BEGIN
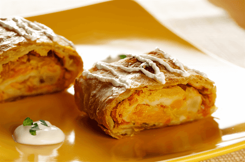 Pumpkin roll with cheese filling is a delightful dessert from American cuisine that perfectly combines the softness of fragrant pumpkin sponge cake with the tenderness of creamy cheese filling. This recipe became popular in autumn when pumpkin takes center stage in seasonal treats. Its rich flavor with hints of cinnamon and vanilla makes it an ideal complement to a cup of aromatic coffee or tea. With its airy dough and creamy filling, the roll has a pleasant texture and melts easily in the mouth. It is perfect for festive gatherings and cozy home evenings. The ability to store it frozen for several months makes it a convenient option for a pre-prepared dessert. Pumpkin roll is a harmony of taste and aroma that delights at any time of the year.
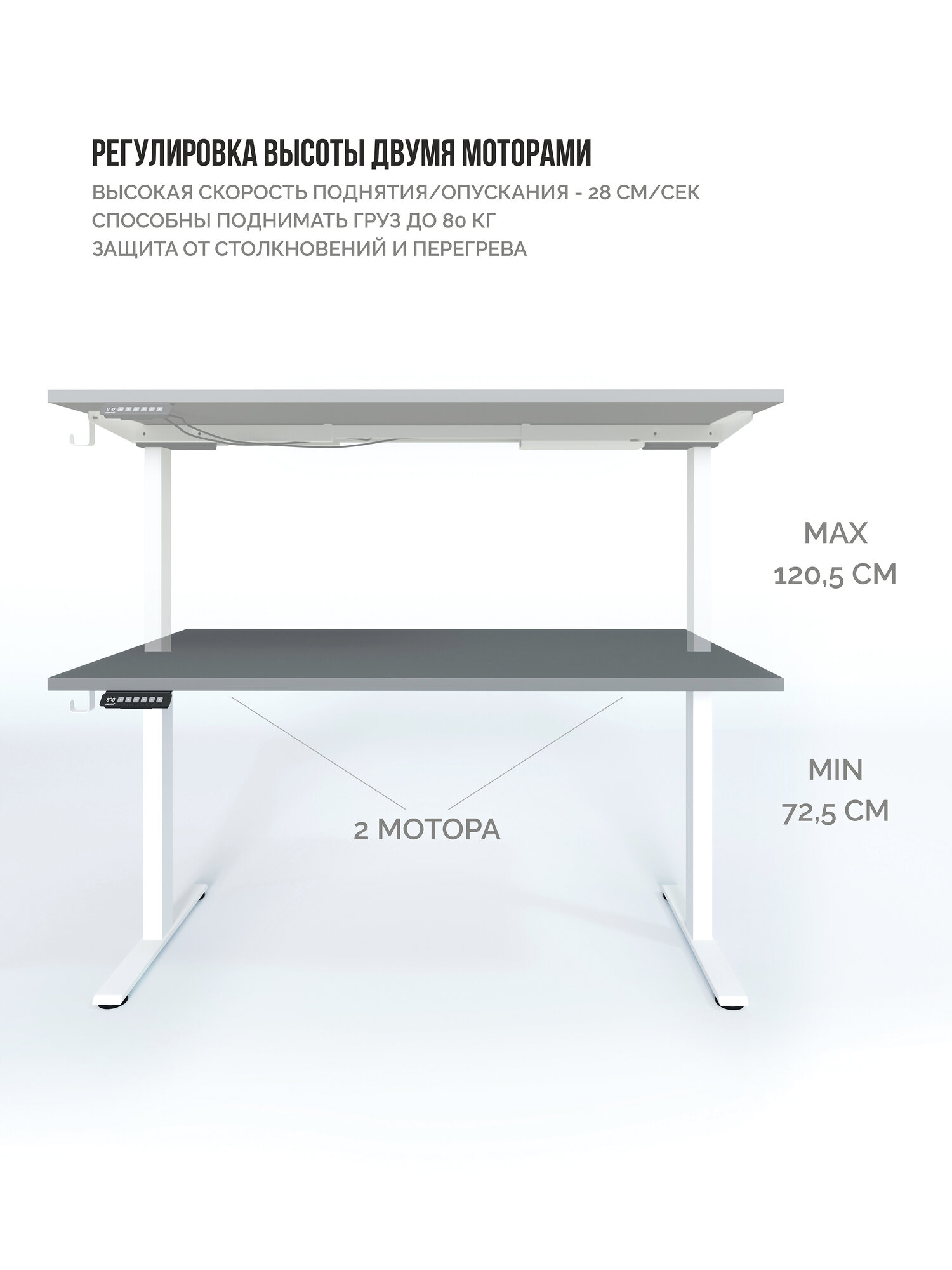 Стол компьютерный Ergostol Optima 2.0 180х90 см, регулируемый по высоте, Серый асфальт/белый: сравнение цен, характеристики, фото, актуальное наличие и цены.
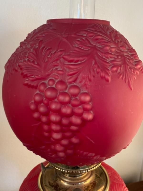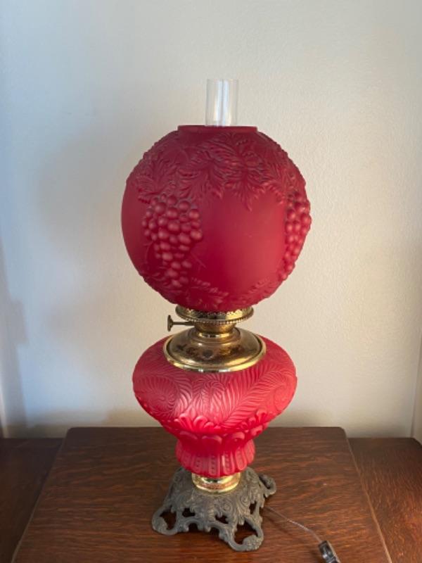Beautiful antique red satin globe success table lamp. Grape embossed pattern on globes. Three way light setting. In good condition. On/off switch on electric cord. About 26" tall.
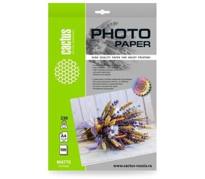 Фотобумага CACTUS Фотобумага CS-MA4230100, A4, для струйной печати, 100л, 230г/м2, белый, покрытие матовое
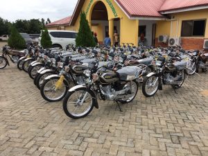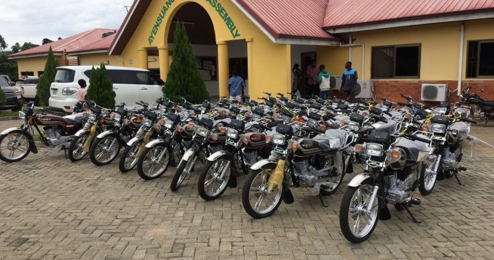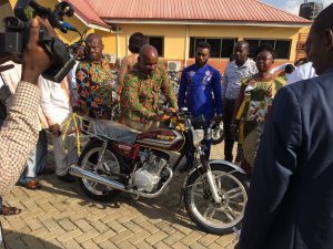 As part of government’s efforts to ensure assembly members to work effectively , motor bikes were given to the various MMDA,s to be distributed to Assembly members. Below are some shots taken during the distribution of motor bikes to Assembly members in the Ayensuano District Assembly. The presentation was done by the Honorable D.C.E together with Her Management the Presiding Member recieved the Bikes oon behalf of the Assembly Members
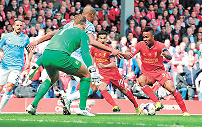 利物浦昨晚以「433」陣式迎戰曼城,由蘇亞雷斯、史杜列治及史達寧三叉戟攻向客軍,但賽前被指傷癒可復出的曼城前鋒阿古路,則只作後備,仍由迪斯高打單箭頭;上仗沒出的基捷基治則返回其左後衛崗位。
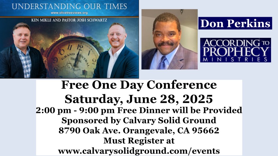 Join us for a free one day conference with Ken Mikle and Josh Schwartz from Understanding our Times and Don Perkins from According to Prophecy Ministries. If you can attend in person please click the register button below and let us know you are coming. A free dinner comes with this wonderful time of teaching and fellowship! Don's website is www.according2prophecy.org
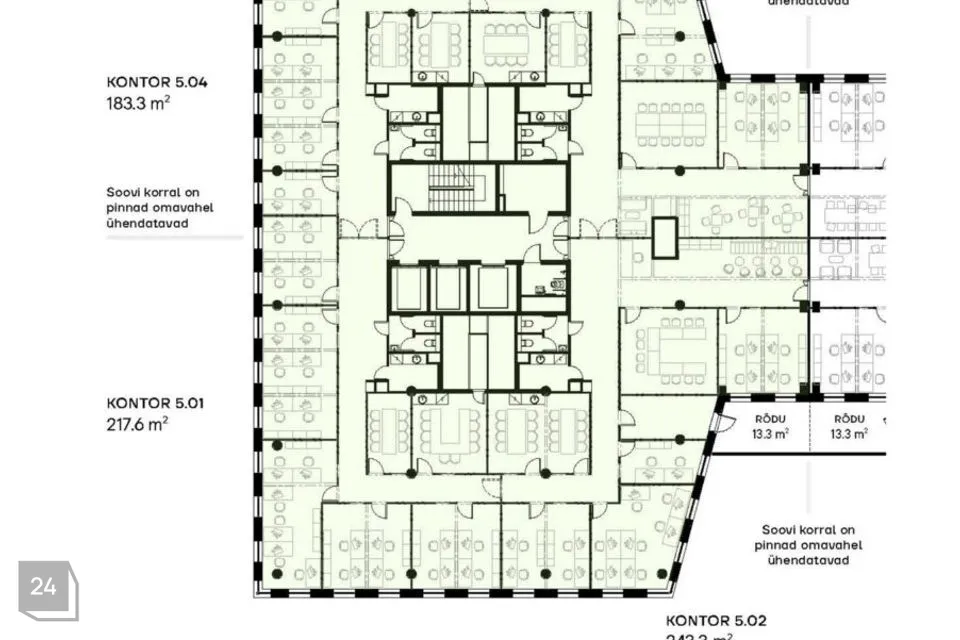 Võta meiega ühendust ning kombineeri korruseid ja kontoripindu vastavalt oma vajadustele. Hetkel on veel võimalik teha planeeringus muudatusi , et luua just sinu ettevõtte jaoks ideaalne töökeskkond.
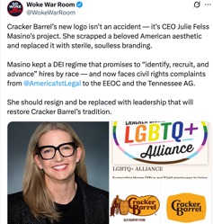 "...Cracker Barrel is infested with DEI & wokeness. ... Another little known fact: Cracker Barrel was a Nashville Pride sponsor. Do you want your $ to fund Pride events when you go to" Cracker Barrel? -Heritage Foundation visiting fellow and brand investigator, Robby Starbuck
END
» **The problem**: Going by the data above, give back only the lines from the one containing "As part of government’s" through the one containing "利物浦昨晚以「433」陣式迎", exactly as they stand, both ends included and no images.

» **Written answer**:
 As part of government’s efforts to ensure assembly members to work effectively , motor bikes were given to the various MMDA,s to be distributed to Assembly members. Below are some shots taken during the distribution of motor bikes to Assembly members in the Ayensuano District Assembly. The presentation was done by the Honorable D.C.E together with Her Management the Presiding Member recieved the Bikes oon behalf of the Assembly Members
 利物浦昨晚以「433」陣式迎戰曼城,由蘇亞雷斯、史杜列治及史達寧三叉戟攻向客軍,但賽前被指傷癒可復出的曼城前鋒阿古路,則只作後備,仍由迪斯高打單箭頭;上仗沒出的基捷基治則返回其左後衛崗位。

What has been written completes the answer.